Omega-3 and Vitamin D Supplements in Childhood T1D

March 23, 2021 updated by: Francesco Cadario, MD, Azienda Ospedaliero Universitaria Maggiore della Carita

Omega 3 Long Chain Polyunsaturated Fatty Acids, Enriched Mediterranean Diet and Vitamin D Supplementation in Childhood Type 1 Diabetes: One Year Case-cohort Study

The study was conducted in 64 patients with T1D of which 26 had the onset in 2017, and 38 in 2016, 2015 and 2014. All received vitamin D 1000 IU /day since disease's onset. Moreover in the 2017 group omega-3 were supplemented, starting within 3 and 6 months from the disease's outbreak, and those were considered cases; the other 38 were enrolled as controls. Four cases and one control dropped out. Finally in 59/64 were compared data of glycosylated hemoglobin percentage (HbA1c%), average insulin daily requirement (IU/Kg/day), and IDAA1c [Insulin Daily dose Adjusted for HbA1c, a surrogate index of residual endogen insulin secretion, calculated as insulin daily dose (IU/Kg/24 h) x 4 + HbA1c%] at recruitment (T0), and 3 (T3), 6 (T6), 12 (T12) months after. T0 in cases was at the start of supplementation of omega-3, and consequently 3, 6 and 12 months after; in controls were found data in clinical records of outpatient beginning from the 3rd month and 3-6-12 months thereafter. Then 22 cases and 37 controls were compared.

Study Overview

Status

Completed

Conditions

Intervention / Treatment

Detailed Description

Was assessed the comparability of cases and controls at baseline for gender, age, body weight, HbA1c% and device for insulin therapy.

The preparation of omega-3 administered was a highly purified fish oil to avoid pollutants, containing a mixture of omega-3 long chain fatty acids standardized for contents of eicosapentaenoic acid (EPA) and docosahexaenoic acid (DHA) in a 2: 1 ratio, in capsules or in liquid form. The liquid preparation was used in the case of difficulties in swallowing capsules or concomitant celiac disease because it was certified as gluten-free (Ener Zone Omega 3 RX® Equipe Enervit). The preparations contained antioxidants to preserve omega-3 LCFA, tocopherol (1 mg in 1 g of omega-3 LCFA), palmitate, and rosemary extract. EPA and DHA were administered at 50-60 mg/kg/day for 12 months. The investigation of Arachidonic Acid (AA)/EPA ratios was performed in cases on recruitment (T0), and repeated after 3 (T3), 6 (T6), and 12 months (T12).
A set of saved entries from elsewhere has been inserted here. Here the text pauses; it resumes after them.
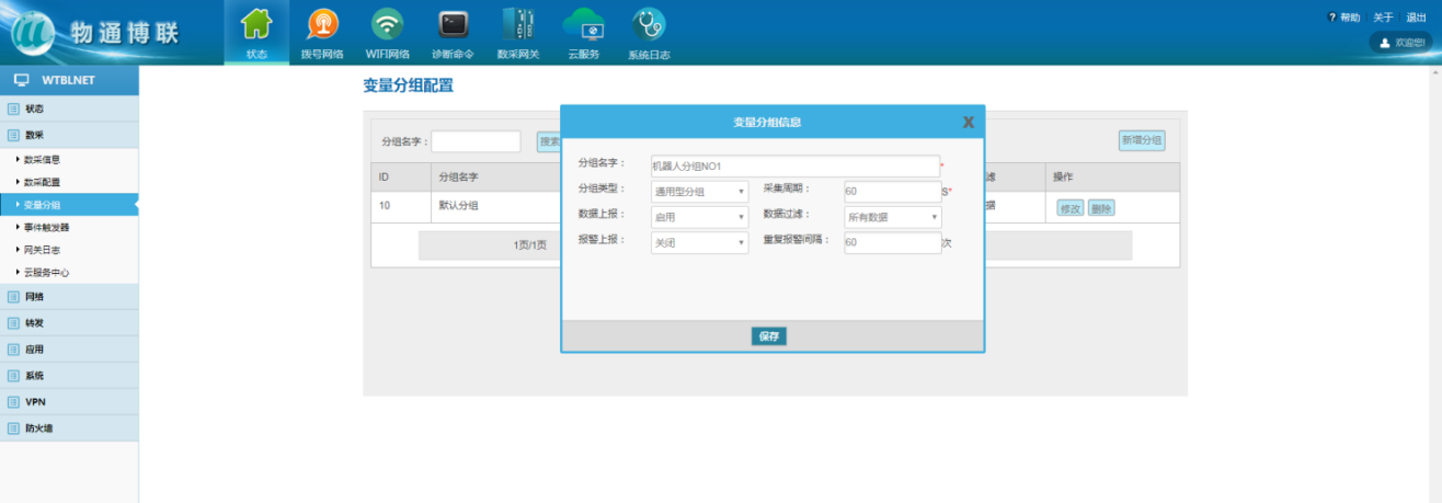 分组:数据采集涉及多个采集时间、数据过滤、报警时,可顺利获得变量分组控制,变量需要选择到设定好的变量分组中。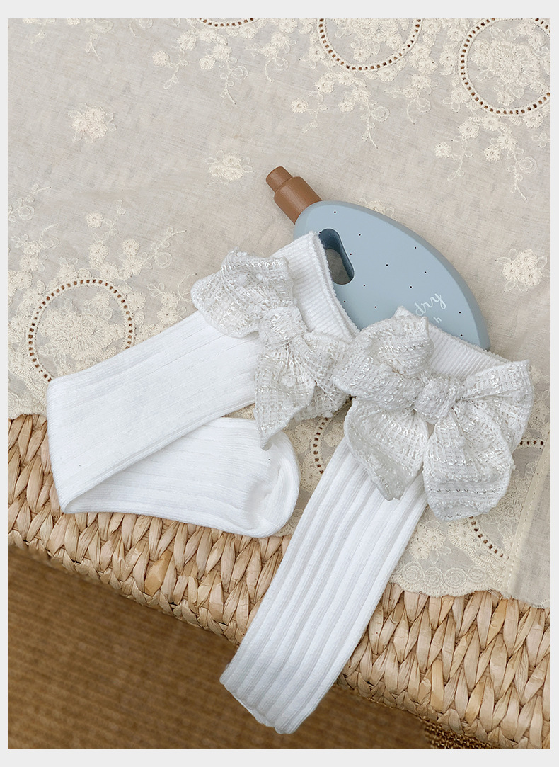 어린이 양말 봄과 가을 여아 한국식 유행 양말 중간 길이 양말 여아 리본매듭 스타킹 종아리 양말 면 양말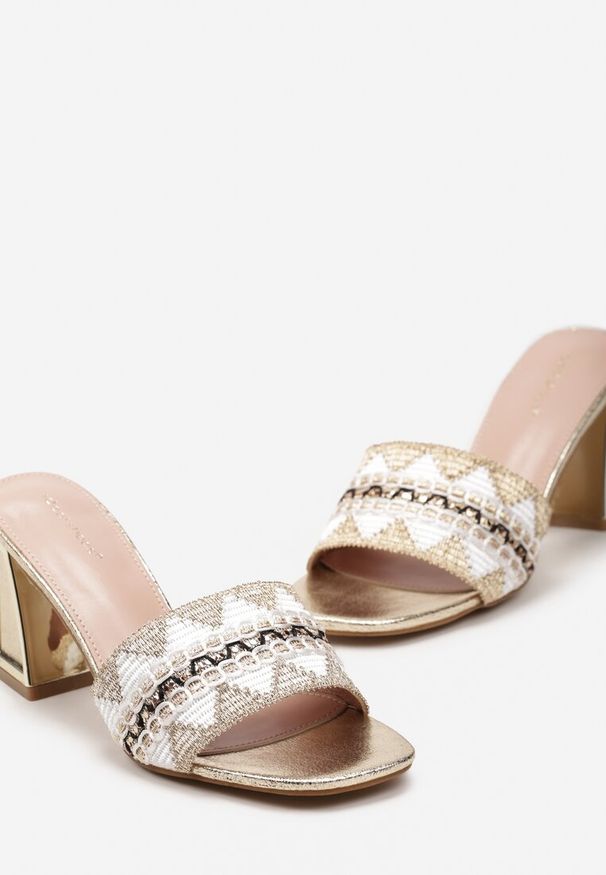 Born2be - Białe Tweedowe Klapki na Obcasie z Ozdobą Sesielisa. Kolor: biały. Materiał: materiał. Wzór: aplikacja. Obcas: na obcasie. Styl: klasyczny, elegancki. Wysokość obcasa: średni

Cholecalciferol supplementation was fixed at 1000 IU/day (25 mcg/day), both in cases and controls. Vitamin D level was determined as 25(OH)D level at the clinical onset of T1D, at T0, T3, T6, and T12 in cases, and at clinical onset of controls.

Study Type

Interventional

Enrollment (Actual)

64

Phase

  • Phase 2
  • Phase 3

Participation Criteria

Researchers look for people who fit a certain description, called eligibility criteria. Some examples of these criteria are a person's general health condition or prior treatments.

Eligibility Criteria

Ages Eligible for Study

3 months to 16 years (Child, Adult)

Accepts Healthy Volunteers

No

Genders Eligible for Study

All

Description

Inclusion Criteria:

  • All T1D patients aged 1-18 years whose disease onset had been in 2017, 2016, 2015, 2014 affering to the Pediatric Diabetology of AOU Novara (Italy)
  • written consents of parents
  • without assumption of omega 3 supplementation before 2017

Exclusion Criteria:

  • renal cysts
  • sarcoidosis
  • histoplasmosis
  • hyperparathyroidis
  • lymphoma
  • tuberculosis
  • Patients treated with drugs that could affect immunity or glucose metabolism, including corticosteroids, ciclosporin and tacrolimus

Study Plan

This section provides details of the study plan, including how the study is designed and what the study is measuring.

How is the study designed?

Design Details

  • Primary Purpose: Supportive Care
  • Allocation: Non-Randomized
  • Interventional Model: Parallel Assignment
  • Masking: None (Open Label)

Arms and Interventions

Participant Group / Arm
Intervention / Treatment
Experimental: CASES
Of eligible subjects, 26/64 started an intervention program with Ω-3 (CASES). The intervention consisted in supplementation with highly purified Ω-3, eicosapentaenoic acid (EPA) and docosahexaenoic acid (DHA) at a dose of 50-60 mg/kg/day for 12 months
Drug: omega-3 supplementation
Supplementation with Ω-3, eicosapentaenoic acid (EPA) and docosahexaenoic acid (DHA) at a dose of 50-60 mg/kg/day for 12 months, currently underway or completed after 12 months of omega-3 administration, in 22/64 T1D children
Other Names:
  • Ener Zone Omega 3 RX® Equipe Enervit
Drug: Vitamin D supplementation
Cholecalciferol 1000 IU/die
Active Comparator: CONTROLS
Others 38/64 subjects joined to the study as data contributors, and were entered as controls (CONTR).
Drug: Vitamin D supplementation
Cholecalciferol 1000 IU/die

What is the study measuring?

Primary Outcome Measures

Outcome Measure
Measure Description
Time Frame
Daily Insulin Need (IU/Kg/Day) and Daily Insulin Pre-meal Demand (Pre-meal IU/Kg/Day) at 12 Months
Time Frame: 12 months

The Daily Insulin Needs (IU/Kg/day), and the Daily Insulin Pre-meal Demand (Pre-meal IU/Kg/day) respectively represent the average total (sum of boluses and basal) and average pre-meal (sum of pre-meal boluses) insulin doses administered in one day to each patient.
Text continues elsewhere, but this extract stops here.